Женщина погасила огонь в очаге, а мужчины, поболтав еще немного за кокой, улеглись спать. Дружок и вторая собака свернулись у их ног. Тощий остался один у подпорки. Опустив голову между лап, он горько вспоминал о своем загоне и о прежней жизни. Наверное, Ванка и другие его друзья уже спят на теплой соломе, уткнувшись в мягкую овечью шерсть, а может, отпугивают зверей. Рядом неторопливо жуют жвачку овцы, а потом наступит, как обычно, светлый и радостный день. Но не для него. Его похититель жесток, веревка — крепка. А что, если грызть ее, перетирать зубами, рвать? Он медленно потянулся к веревке. Да, грызть ее можно. И он вонзил клыки. Веревка была вкусная, от нее пахло кожей и жиром. Тощий перегрыз одну прядь и, преисполнившись надежды, принялся грызть еще ожесточенней, забыв о мраке и жгучем ветре. Он верил, что не заблудится и в темноте, сумеет найти родные места, свой загон, свое стадо. Он грыз тихо, но все-таки один из людей заворочался. А вдруг он проснется и накроет его? Нет, человек спал, и Тощий снова стал грызть. Вторая прядь тоже поддалась. Оставалась еще одна, третья. Он почувствовал, какой тонкой стала веревка. И вдруг кто-то закричал:
— Эй, пес веревку грызет.
Все проснулись. Тощий лежал неподвижно, но человек поднялся и ощупал веревку.
— И правда, вот-вот перегрызет…
Он выругался, а хозяин дома сказал:
— Принесу-ка я веревку из конского волоса.
Он порылся в углу, и скоро Тощего снова притянули к подпорке. Хулиан влепил ему как следует той самой веревкой, которую пленник чуть не перегрыз.
Только сейчас пес почувствовал, что все потеряно. Новая веревка ранила ему пасть, и перегрызть ее не удавалось. Теперь ему не сбежать. А может быть, и никогда. Человек не только упрям и беспощаден — он умен. Стадо очень далеко. Тощему стало совсем худо и захотелось долго, жутко выть. Но он так измучился, что и на это сил не хватало. И он забылся сном, тревожным, мучительным сном пленника.

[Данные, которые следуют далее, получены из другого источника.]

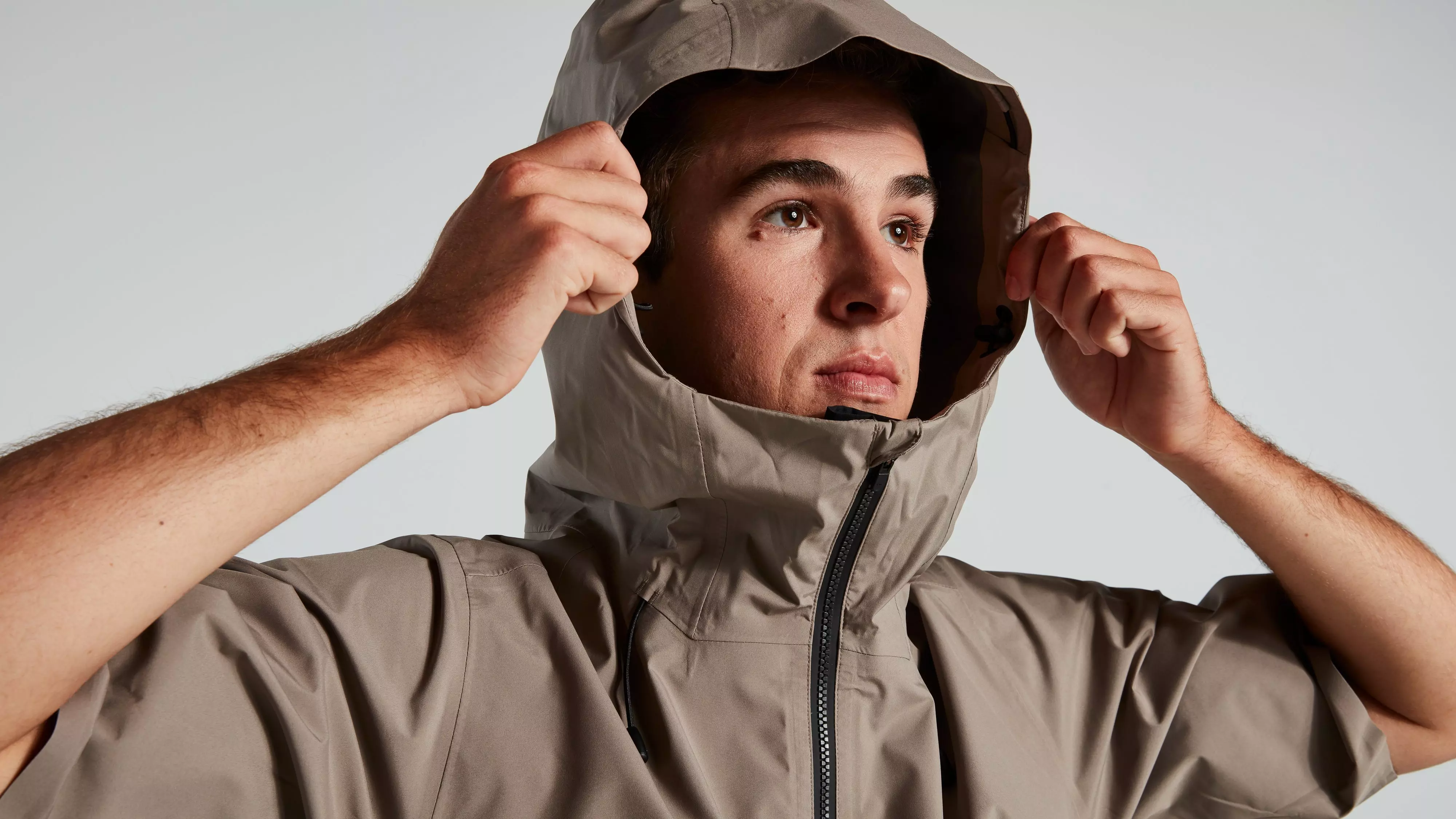 ヘルメットの上から被せられるレインバイザー付きフードと調整しやすいドローコードが、頭部を悪天候から守ります。

Едва рассвело, они тронулись в путь.
— Прощай, Мартин.
— Прощай, Паскуала.
Куда они едут? Тощий никогда не бывал в этих местах. Уже вчера вечером они пробирались по незнакомым тропам, но сегодня все казалось особенно чужим, может быть, потому что боль была не такой жгучей. Тело еще ныло, но Тощий уже замечал то, что встречалось на пути. Он видел все то же: пастбища, где свистел ветер, огромные утесы и острые вершины. Но как ни походили эти горы на те, где он пас овец, в них крылось что-то враждебное, чужое, какая-то печаль, так всегда бывает, когда места тебе не по сердцу. И к тому же новая веревка стягивала шею.
В полдень люди спешились. Они уселись на землю и вытащили из котомки сверток; в нем оказался большой кусок жареного мяса. Сверкающий нож быстро нарезал его, и несколько ломтей достались Тощему и Дружку, который, надо сказать, ничем не проявлял себя и молча шел за лошадью Бласа.

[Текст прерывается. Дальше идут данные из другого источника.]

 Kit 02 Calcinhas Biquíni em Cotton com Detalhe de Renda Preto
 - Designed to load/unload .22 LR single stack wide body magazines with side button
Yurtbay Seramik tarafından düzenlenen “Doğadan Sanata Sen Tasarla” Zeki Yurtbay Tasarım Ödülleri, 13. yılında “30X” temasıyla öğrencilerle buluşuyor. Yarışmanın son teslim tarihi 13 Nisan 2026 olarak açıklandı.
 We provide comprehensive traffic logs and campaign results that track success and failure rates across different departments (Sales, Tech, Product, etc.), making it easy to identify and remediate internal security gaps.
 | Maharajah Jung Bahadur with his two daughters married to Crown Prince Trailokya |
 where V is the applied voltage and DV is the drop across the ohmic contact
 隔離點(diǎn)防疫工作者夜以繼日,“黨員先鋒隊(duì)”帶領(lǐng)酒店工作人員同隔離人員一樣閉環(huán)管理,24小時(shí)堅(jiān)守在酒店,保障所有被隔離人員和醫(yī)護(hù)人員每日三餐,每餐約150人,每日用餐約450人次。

А затем снова дорога. Снова Тощего вели, упорно и неторопливо. Иногда их путь пересекало стадо коров, табун лошадей или отара овец, но чаще вокруг простирались пустынные пастбища. Внезапно Тощий почувствовал, что начинает уставать. Эта усталость словно отрывала его от земли, от скользкой тропинки — темной борозды, протоптанной в жесткой гриве пастбища. Он часто дышал, язык свесился наружу. Но вот дорога нырнула в расселину и запетляла среди густых кустарников.
Они спускались с гор, и заросли становились все гуще; впереди показались высокие красные скалы. Послышался шум воды. Вскоре путники добрались до реки. Зной еще не спал, и густая шерсть Тощего заставляла его страдать от жары. Лошади переправились через реку вплавь, люди и собаки — на плоту, который был спрятан под деревьями. Недалеко от берега стояла хижина. Тощего снова привязали к подпорке; неужели теперь он всегда будет жить в плену, на веревке? Он очень устал, но от одной этой мысли завыл протяжно и горестно.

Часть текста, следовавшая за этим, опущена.